In my offense (at UCLA), I thought I was more effective as a guard, but I was able to play tackle. I was able to step up when my team did need it. So I've told teams wherever I can get a chance to play to compete for a job on Day 1, I'll be more than willing to do it. —Xavier Su'a-Filo
Versatility is a key part of Xavier Su'a-Filo's game, and he's hoping it leads to an early starting gig in his NFL career.
The Timpview High alum is one of 85 underclassmen participating in this year's NFL Scouting Combine, as workouts began Saturday and run through Tuesday.
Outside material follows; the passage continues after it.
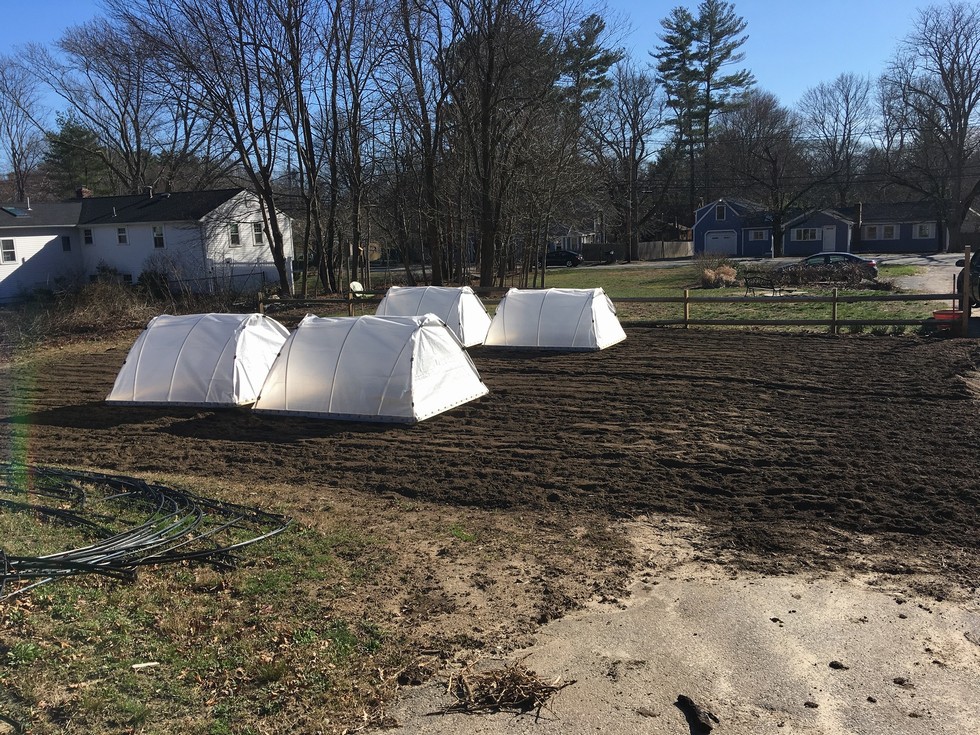 Hoops are rebuilt again for another year. This time in the patch and anchored down. Hopefully the new film will stand the test of time.

Following his junior year at UCLA in 2013, the LDS returned missionary who was born in American Fork chose to make the leap to the pro ranks.
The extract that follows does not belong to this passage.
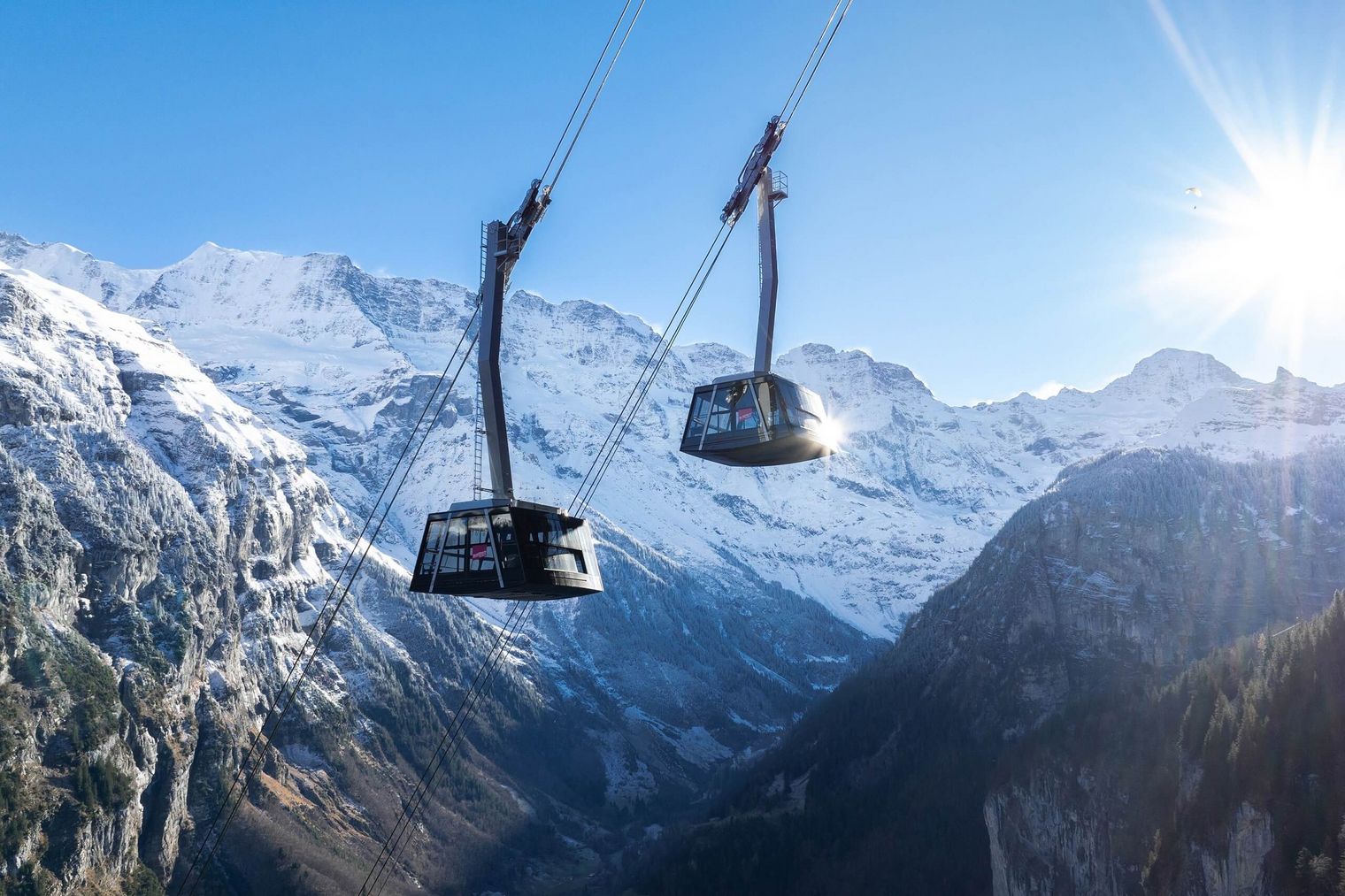 Wenn du das Schilthorn – Piz Gloria besuchst, triffst du bereits bei der Anfahrt auf ein ganz besonderes Highlight: die steilste Seilbahn der Welt! Mit einer Steigung von 159,4% verbindet sie den Talboden mit dem autofreien Bergdorf Mürren.

He has no intention of waiting his turn to make it on the field, after starting all 40 games he played for the Bruins. Last year, he split time between left guard (seven starts) and left tackle (six).
"In my offense (at UCLA), I thought I was more effective as a guard, but I was able to play tackle," Su'a-Filo told NFL Network after his workout Saturday. "I was able to step up when my team did need it. So I've told teams wherever I can get a chance to play to compete for a job on Day 1, I'll be more than willing to do it."
Su'a-Filo's 4.44-second time in the 20-yard shuttle at the Combine Saturday was tied for third for offensive linemen. His other numbers included: 25 reps in the bench press, a 5.04-second 40-yard dash, 25-inch leap in the vertical jump, 102 inches in the long jump and a 7.6-second effort in the three-cone drill. Su'a-Filo's performance made an impression on Sports Illustrated's Doug Farrar, who named the Utahn one of his risers from Day 1 of the Combine.
"Many believe that Stanford’s David Yankey is the best guard in this draft class. But the more I watch Su’a-Filo, the more I think he’ll be the better player over time," Farrar wrote. "Certain players just hit the game with a specific and effective nasty streak, and that’s what he’s got.
"He could probably be a right tackle in the NFL, but I’d prefer him as a gap guard who could also play zone. He’s a pure finisher who seems determined to play right to (and sometimes through) the whistle."
Su'a-Filo is a potential first-round draft prospect, though he could also have his named called on Day 2 of the 2014 NFL Draft. With the Bruins, though, he's had an added benefit of working under head coach Jim Mora the past two seasons. Mora spent two decades as a coach in the NFL — including four years as head coach with the Atlanta Falcons and Seattle Seahawks — before taking over the helm at UCLA.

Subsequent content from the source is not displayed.